▶ [EXERCISE DATA]
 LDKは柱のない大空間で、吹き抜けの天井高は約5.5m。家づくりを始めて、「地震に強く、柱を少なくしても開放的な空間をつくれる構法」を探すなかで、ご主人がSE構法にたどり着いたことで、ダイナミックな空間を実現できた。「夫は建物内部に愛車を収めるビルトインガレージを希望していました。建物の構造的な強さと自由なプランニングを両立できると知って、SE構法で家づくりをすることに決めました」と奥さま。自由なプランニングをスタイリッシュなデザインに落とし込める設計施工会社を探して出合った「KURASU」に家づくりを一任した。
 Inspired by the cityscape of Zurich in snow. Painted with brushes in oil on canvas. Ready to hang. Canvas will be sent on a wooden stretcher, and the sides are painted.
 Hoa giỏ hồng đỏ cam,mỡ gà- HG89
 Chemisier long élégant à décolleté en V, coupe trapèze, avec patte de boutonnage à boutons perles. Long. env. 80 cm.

--

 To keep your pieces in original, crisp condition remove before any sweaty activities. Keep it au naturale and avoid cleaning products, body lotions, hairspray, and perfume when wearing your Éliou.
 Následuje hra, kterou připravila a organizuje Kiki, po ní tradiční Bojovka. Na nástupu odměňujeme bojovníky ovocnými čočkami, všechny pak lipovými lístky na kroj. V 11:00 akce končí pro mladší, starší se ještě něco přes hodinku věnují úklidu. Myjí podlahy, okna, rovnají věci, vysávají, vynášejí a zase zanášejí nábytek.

▶ [TASK INSTRUCTIONS] Each line in the entries above, starting at the line with "LDKは柱のない大空間で、吹" and ending at the line with "Chemisier long élégant", is to be printed exactly, and only those lines.

▶ [EXERCISE ANSWER]
 LDKは柱のない大空間で、吹き抜けの天井高は約5.5m。家づくりを始めて、「地震に強く、柱を少なくしても開放的な空間をつくれる構法」を探すなかで、ご主人がSE構法にたどり着いたことで、ダイナミックな空間を実現できた。「夫は建物内部に愛車を収めるビルトインガレージを希望していました。建物の構造的な強さと自由なプランニングを両立できると知って、SE構法で家づくりをすることに決めました」と奥さま。自由なプランニングをスタイリッシュなデザインに落とし込める設計施工会社を探して出合った「KURASU」に家づくりを一任した。
 Inspired by the cityscape of Zurich in snow. Painted with brushes in oil on canvas. Ready to hang. Canvas will be sent on a wooden stretcher, and the sides are painted.
 Hoa giỏ hồng đỏ cam,mỡ gà- HG89
 Chemisier long élégant à décolleté en V, coupe trapèze, avec patte de boutonnage à boutons perles. Long. env. 80 cm.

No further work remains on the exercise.